Do they test against the whole dataset? Wouldn't that be fixed by having a test dataset and a separate, bigger dataset that would be used for the final grading (like on Kaggle)?

They have a separate test set. But by submitting a lot of entries with slightly different parameters, you can optimize your parameters based on the test score.

Some (all ? ) Kaggle competition also have a daily submission limit to avoid this kind of cheating.

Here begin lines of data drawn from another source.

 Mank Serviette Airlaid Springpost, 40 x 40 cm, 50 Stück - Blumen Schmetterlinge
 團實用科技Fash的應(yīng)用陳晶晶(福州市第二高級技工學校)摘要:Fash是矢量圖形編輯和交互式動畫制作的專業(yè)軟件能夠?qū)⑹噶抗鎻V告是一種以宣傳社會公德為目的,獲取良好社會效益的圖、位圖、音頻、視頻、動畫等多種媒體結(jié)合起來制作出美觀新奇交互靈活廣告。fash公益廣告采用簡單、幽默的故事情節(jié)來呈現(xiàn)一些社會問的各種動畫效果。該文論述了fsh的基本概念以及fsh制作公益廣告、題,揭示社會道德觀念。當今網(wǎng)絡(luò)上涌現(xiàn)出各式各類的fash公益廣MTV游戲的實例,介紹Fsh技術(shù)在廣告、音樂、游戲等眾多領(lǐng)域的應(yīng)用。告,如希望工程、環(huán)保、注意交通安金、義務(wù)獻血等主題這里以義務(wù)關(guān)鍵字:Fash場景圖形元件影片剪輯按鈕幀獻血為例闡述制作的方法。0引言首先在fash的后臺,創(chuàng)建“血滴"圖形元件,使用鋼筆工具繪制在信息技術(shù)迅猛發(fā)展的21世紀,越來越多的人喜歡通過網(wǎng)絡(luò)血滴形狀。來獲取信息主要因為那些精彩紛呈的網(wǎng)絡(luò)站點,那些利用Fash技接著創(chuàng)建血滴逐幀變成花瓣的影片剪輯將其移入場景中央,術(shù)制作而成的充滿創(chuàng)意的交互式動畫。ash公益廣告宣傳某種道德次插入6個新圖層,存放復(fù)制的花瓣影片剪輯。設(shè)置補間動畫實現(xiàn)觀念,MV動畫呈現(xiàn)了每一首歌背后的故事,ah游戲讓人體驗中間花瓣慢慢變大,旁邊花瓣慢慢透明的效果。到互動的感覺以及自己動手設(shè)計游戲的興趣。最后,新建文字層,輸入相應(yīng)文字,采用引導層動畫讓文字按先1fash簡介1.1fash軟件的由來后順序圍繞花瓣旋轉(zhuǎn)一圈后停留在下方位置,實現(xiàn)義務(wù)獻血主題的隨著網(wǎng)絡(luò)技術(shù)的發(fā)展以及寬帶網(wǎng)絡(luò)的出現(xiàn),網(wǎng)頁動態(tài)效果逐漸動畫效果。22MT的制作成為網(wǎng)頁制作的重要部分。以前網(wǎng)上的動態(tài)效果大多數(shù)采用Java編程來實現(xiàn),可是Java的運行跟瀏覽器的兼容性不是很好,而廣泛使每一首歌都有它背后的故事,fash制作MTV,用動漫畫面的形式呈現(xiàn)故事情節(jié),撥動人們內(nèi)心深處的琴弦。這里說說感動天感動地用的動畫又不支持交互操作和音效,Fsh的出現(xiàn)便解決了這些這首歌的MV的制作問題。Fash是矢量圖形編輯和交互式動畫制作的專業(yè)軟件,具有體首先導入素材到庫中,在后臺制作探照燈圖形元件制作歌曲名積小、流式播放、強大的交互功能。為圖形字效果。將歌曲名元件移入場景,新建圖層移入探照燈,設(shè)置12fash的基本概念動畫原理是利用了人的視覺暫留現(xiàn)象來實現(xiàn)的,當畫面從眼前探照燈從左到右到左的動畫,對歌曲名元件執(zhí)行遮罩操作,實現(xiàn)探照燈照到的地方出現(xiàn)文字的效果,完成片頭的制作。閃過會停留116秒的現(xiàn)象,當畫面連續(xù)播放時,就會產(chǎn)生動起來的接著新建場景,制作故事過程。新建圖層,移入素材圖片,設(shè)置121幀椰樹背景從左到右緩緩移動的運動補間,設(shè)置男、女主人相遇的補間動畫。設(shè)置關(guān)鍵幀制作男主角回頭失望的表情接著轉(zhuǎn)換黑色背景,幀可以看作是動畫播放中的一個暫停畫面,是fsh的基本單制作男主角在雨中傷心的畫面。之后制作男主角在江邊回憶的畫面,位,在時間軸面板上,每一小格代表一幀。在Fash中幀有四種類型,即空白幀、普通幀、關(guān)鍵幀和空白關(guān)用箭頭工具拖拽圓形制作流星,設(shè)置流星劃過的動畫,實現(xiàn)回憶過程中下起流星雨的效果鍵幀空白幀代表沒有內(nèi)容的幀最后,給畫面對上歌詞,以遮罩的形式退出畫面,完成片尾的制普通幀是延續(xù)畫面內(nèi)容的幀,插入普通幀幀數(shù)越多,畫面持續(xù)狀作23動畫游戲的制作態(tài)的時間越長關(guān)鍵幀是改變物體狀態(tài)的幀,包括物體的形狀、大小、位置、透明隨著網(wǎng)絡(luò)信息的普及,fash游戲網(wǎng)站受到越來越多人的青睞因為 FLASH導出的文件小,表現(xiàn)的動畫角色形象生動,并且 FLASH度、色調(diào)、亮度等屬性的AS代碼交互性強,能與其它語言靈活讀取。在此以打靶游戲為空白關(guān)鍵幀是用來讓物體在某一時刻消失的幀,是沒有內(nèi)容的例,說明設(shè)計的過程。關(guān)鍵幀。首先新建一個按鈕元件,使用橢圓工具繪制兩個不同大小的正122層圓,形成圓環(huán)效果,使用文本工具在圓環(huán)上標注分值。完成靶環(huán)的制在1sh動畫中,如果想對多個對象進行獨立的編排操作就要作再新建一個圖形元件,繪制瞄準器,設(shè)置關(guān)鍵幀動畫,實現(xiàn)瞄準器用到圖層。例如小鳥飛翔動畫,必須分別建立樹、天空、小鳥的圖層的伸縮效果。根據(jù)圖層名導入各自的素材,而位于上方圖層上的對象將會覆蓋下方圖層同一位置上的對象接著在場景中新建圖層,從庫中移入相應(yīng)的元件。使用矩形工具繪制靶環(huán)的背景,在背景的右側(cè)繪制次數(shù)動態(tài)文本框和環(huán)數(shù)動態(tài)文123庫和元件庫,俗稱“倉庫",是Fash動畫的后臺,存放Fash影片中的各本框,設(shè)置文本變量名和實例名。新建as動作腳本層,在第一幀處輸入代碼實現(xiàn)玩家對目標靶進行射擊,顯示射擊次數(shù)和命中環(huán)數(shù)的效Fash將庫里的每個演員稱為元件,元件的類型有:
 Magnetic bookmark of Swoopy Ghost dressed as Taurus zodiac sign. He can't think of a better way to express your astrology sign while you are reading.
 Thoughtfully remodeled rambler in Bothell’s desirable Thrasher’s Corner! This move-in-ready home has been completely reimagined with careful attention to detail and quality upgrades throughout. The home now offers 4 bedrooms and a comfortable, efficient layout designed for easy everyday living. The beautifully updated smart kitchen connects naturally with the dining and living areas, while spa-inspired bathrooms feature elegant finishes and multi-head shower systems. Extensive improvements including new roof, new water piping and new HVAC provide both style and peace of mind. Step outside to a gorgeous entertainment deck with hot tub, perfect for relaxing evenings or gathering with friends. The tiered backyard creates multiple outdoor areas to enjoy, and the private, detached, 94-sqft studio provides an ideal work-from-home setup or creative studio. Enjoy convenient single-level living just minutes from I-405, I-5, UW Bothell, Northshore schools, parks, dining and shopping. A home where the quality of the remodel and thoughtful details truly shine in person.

I think you misunderstand. Kaggle has a training set (known to all participants), a "public leaderboard" test set (secret) and a "private leaderboard" test set (also secret). You can get your model's score on the "public" test set a couple of times per day. Your score on the private test set is only revealed once, after the competition has ended.

People can, and do, overfit their model to the public test set, but doing so does not improve their score on the private test set, so cheating is prevented even without the submission limit.

The submission limit helps ensure the leaderboard generated from the public test set stays close to the leaderboard generated by the private test set while the competition is running, so that you can get an idea about your standing. But participants know better than taking the public leaderboard too seriously.

I stand corrected :) It seems like ILSVRC only has 2 datasets though, I wonder why they don't use a Kaggle-like approach ? My guess would be because they want people to be able to know their test score in order to put them in their papers.

The grading test set is secret.

This is what the Baidu team were probing.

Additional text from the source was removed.